We now have a real-world example of the kind of things we’re going to see with the JOBS Act, and that’s the case of Groupon. The Internet company had a celebrated IPO last year, but its stock crashed after a restatement of earnings from 2011. The company set aside more for refunds than they at first disclosed, limiting their earnings.
But while Groupon had to deliver an SEC filing to explain how they derived their earnings and what accounted for the discrepancies, under the JOBS Act they may not have to do that again:
A little-noticed provision in the new JOBS Act would allow companies to iron out disagreements with regulators behind closed doors before they go public—a provision that might have prevented investors from finding out about Groupon Inc.’s early accounting questions until after they had been resolved.
The provision, part of the bill passed by Congress and expected to be signed by President Barack Obama this week, would enable companies to submit confidential drafts of their initial-public-offering documents to the Securities and Exchange Commission before they file publicly.
Critics say that measure would allow a company like Groupon, which had well-publicized disagreements with the SEC over its accounting last year, to resolve such issues under the radar, without investors learning of them until later although still before any IPO.

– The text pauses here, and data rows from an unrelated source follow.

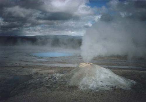Die ganze Nacht hat´s geregnetund am Morgen ist alles grau in grau. Wir frühstücken im Zelt, der Wind bläst zu stark. Zu allem Überfluß fängt auch noch unser Benzinkocher an zu spucken. Wir erfinden eine neue super schmeckende Müsli-Variante: Müsli, Skyr und Kakaogetränk (©Berger, 1997). Wir gehen nach Namaskarð, ca. 1h vom Zeltplatz in nördlicher Richtung, immer der Straße lang. Schon von weitem wabbern uns die Dampfwolken mit deftigem Schwefelwasserstoff-Geruch entgegen. Während vor 10 Jahren das ganze Gebiet frei zugänglich war, kanalisieren jetzt Absperrungen die Besucherströme und helfen so mit, daß die immer wieder vorkommenden Unfälle durch Verrennungen weniger werden. Betritt man die weißen Stellen rings um die Fumarolen, hat man eine gute Chance einzubrechen und sich die Wadl zu verbrennen. Neben den pfeifenden Schwefelstinkern sehen wir kochende und spritzende Schlammpfühle mit z.T. mehreren Meter großen Minikratern in denen es heftig blubbert und sprotzt. |
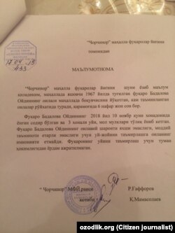 Туман раҳбарияти қабул қилмайди. Йўлкира учун қўшнидан қарз олиб, вилоят ҳокими қабулига бордим, аммо киритишмади. Хотин-қизлар қўмитасидан олифта вакил келиб, бизларни русчалаб сўкиб кетди.
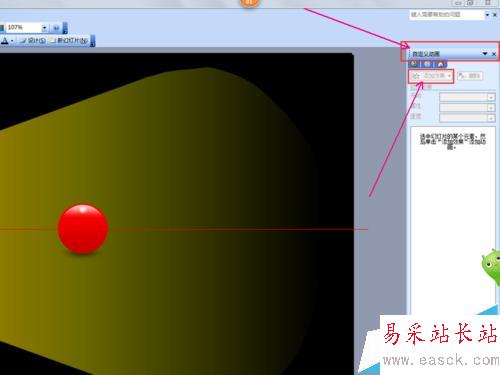 首先選中紅球,添加動畫,然后調整到參考直線,再調整路徑的長度。因為模擬的是光滑水平面,可以適當把紅球的動作路徑加長,使效果更加明顯。
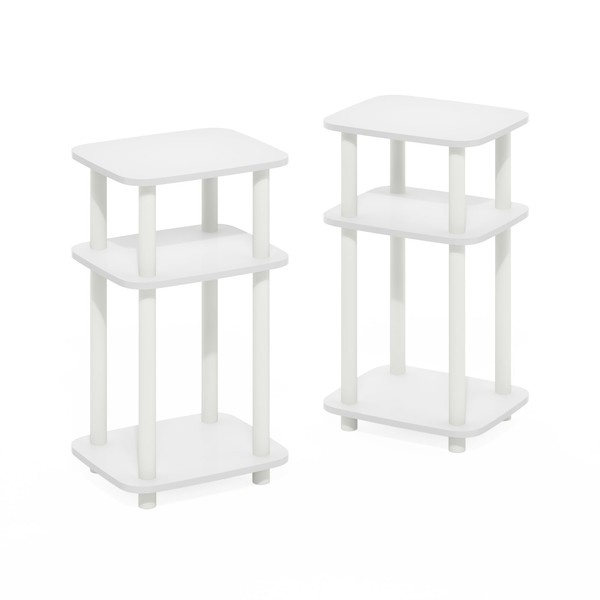 Furinno Just 3-Tier Turn-N-Tube Curve End Table, Side Table, 2-Pack, White/White
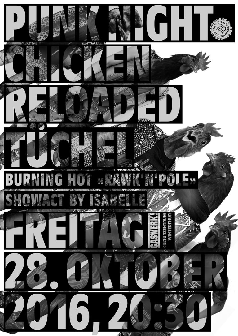Chicken Reloaded: Vier Bieler Punk’n’Roll Hühner fanden sich 1998 als Theo’s Fried Chickenstore zusammen. Als Wohnzimmerpartyband rockten sie mit einem Mix aus Punkrock, Rockabilly und Swing in Garagisten-Overalls nicht nur Wohnzimmer, sondern auch die Bühnen der Schweiz und des benachbarten Auslands. Ganze 16 Jahre lang ging es rund, dann taten es die Hühner dem Phönix gleich und zerfielen zu Asche. Natürlich nur um im neuen Glanze aufzuerstehen. Entstanden ist Chicken Reloaded, 4 sexy Hühner-Boys aus Biel mit 110% tanzbarem Punk’n’Roll im Gepäck. Eine kraftvolle Hommage an die Punklegenden The Clash und Dead Boys, die nicht ohne wilde Tanzeskapaden, Schweissausbrüche und Bierduschen über die Bühne geht.
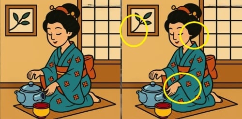 Dette klassiske “Find forskellene”-puslespil udfordrer din opmærksomhed og visuelle skarphed med to tilsyneladende identiske billeder af en kvinde, der drikker te. Nøglen til at finde alle tre afvigelser inden for tidsgrænsen ligger i en systematisk gennemgang af specifikke områder.
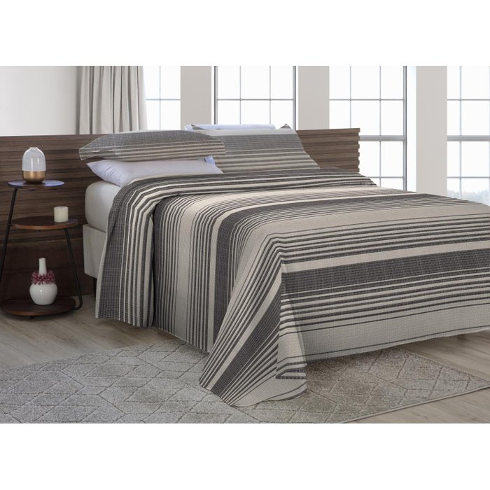 Kit Cobre Leito King Size Com Fronhas Em Piquet Algodão 3 Peças Listrado Preto e Palha
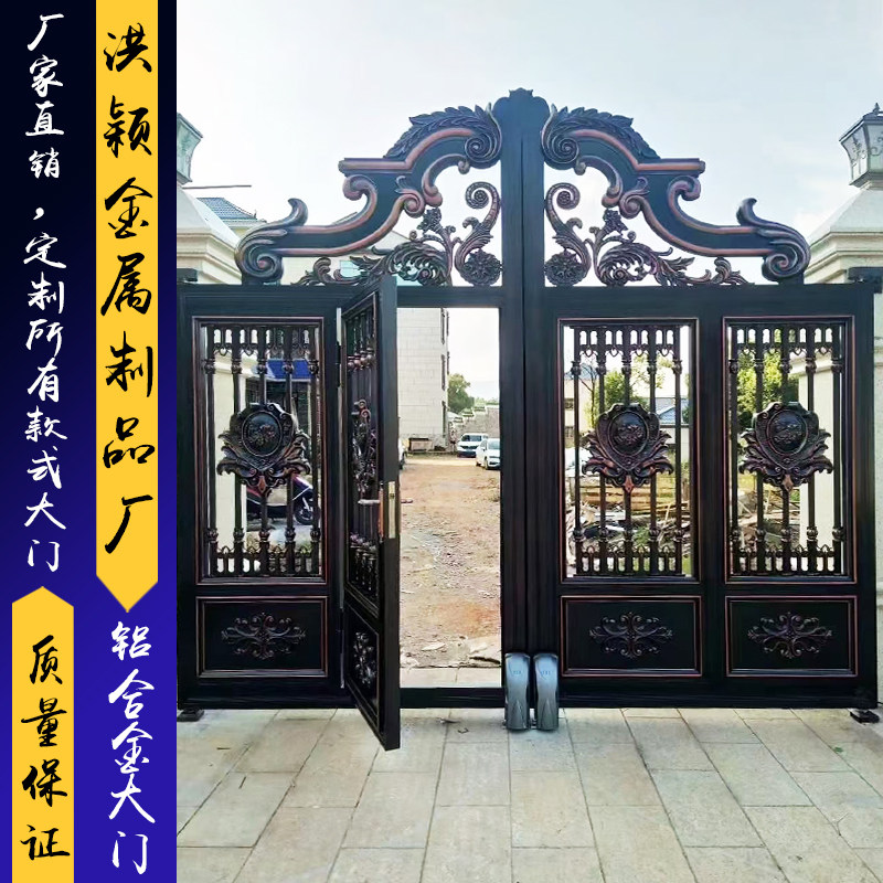 Aluminum art gate villa courtyard double door aluminum alloy fence gate outdoor community entrance door factory wrought iron door
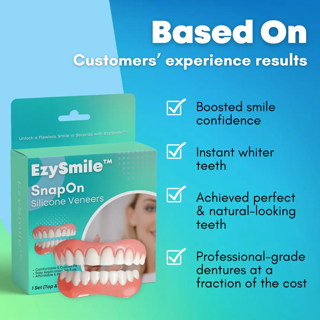 At EzySmile™, we are committed to enhancing lives through our advanced dental solutions, designed to improve both your comfort and emotional well-being. Experience the freedom and confidence that countless others have found with EzySmile™ SnapOn Silicone Veneers. Join our community and discover just how simple it can be to enjoy a radiant smile every day!
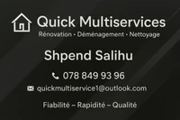 Quick Multiservices est votre partenaire de confiance pour la rénovation, le déménagement et le nettoyage dans la région. Fiable et réactif, Shpend Salihu met son savoir-faire au service des particuliers et entreprises pour des interventions rapides, soignées et de qualité. Qu’il s’agisse de rafraîchir un intérieur, d’organiser un déménagement ou d’assurer un nettoyage complet, Quick Multiservices garantit un service professionnel, efficace et adapté à vos besoins.
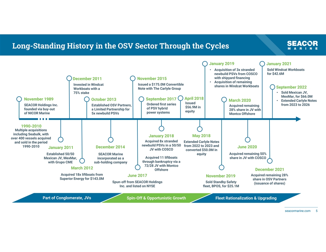 Long-Standing History in the OSV Sector Through the Cycles January 2019 January 2021 • Acquisition of 3x stranded Sold Windcat Workboats newbuild PSVs from COSCO for $42.6M with shipyard financing November 2015 December 2011 • Acquisition of remaining Issued a $175.0M Convertible Invested in Windcat shares in Windcat Workboats September 2022 Workboats with a Note with The Carlyle Group 75% stake • Sold Mexican JV, MexMar, for $66.0M April 2018 November 1989 September 2017 October 2013 March 2020 • Extended Carlyle Notes Issued Ordered first series from 2023 to 2026 SEACOR Holdings Inc. Established OSV Partners, Acquired remaining $56.9M in of PSV hybrid founded via buy-out a Limited Partnership for 28% share in JV with equity power systems of NICOR Marine 5x newbuild PSVs Montco Offshore 1990-2010 Multiple acquisitions including Seabulk, with May 2018 January 2018 over 400 vessels acquired Acquired 8x stranded Extended Carlyle Notes and sold in the period newbuild PSVs in a 50/50 from 2022 to 2023 and 1990-2010 June 2020 December 2014 January 2011 JV with COSCO converted $50.0M in Acquired remaining 50% Established 50/50 SEACOR Marine equity Acquired 11 liftboats share in JV with COSCO Mexican JV, MexMar, incorporated as a through bankruptcy via a with Grupo CME sub-holding company 72/28 JV with Montco March 2012 Offshore December 2021 Acquired 18x liftboats from Acquired remaining 28% June 2017 November 2019 Superior Energy for $143.0M share in OSV Partners Spun-off from SEACOR Holdings Sold Standby Safety (issuance of shares) Inc. and listed on NYSE fleet, BPOS, for $25.1M Part of Conglomerate, JVs Spin-Off & Opportunistic Growth Fleet Rationalization & Upgrading seacormarine.com 5
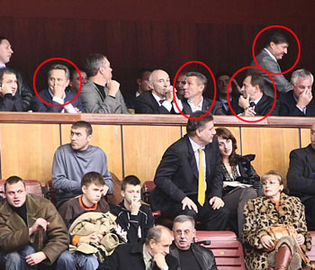 Неподалеку от них можно было увидеть еще несколько известных людей. На матч пришли бютовец Николай Томенко, "свободный демократ" Михаил Бродский и прыгун Сергей Бубка.

The provision is getting increased attention in the wake of Groupon’s disclosure of further accounting problems. The company, which offers discounted deals to consumers, said Friday it was revising fourth-quarter revenue downward and that it had a material weakness in its internal controls, the policies and procedures designed to avoid financial error.
Basically, investors would not be protected by having knowledge about Groupon and companies like it before making decisions on investment. In a post-JOBS Act world, with the crowd-funding option, the company wouldn’t have to make official statements of any kind before raising money from investors. I guess the rebuttal would be some version of caveat emptor, but that’s really not going to fly after the next wave of accounting scandals and rip-offs.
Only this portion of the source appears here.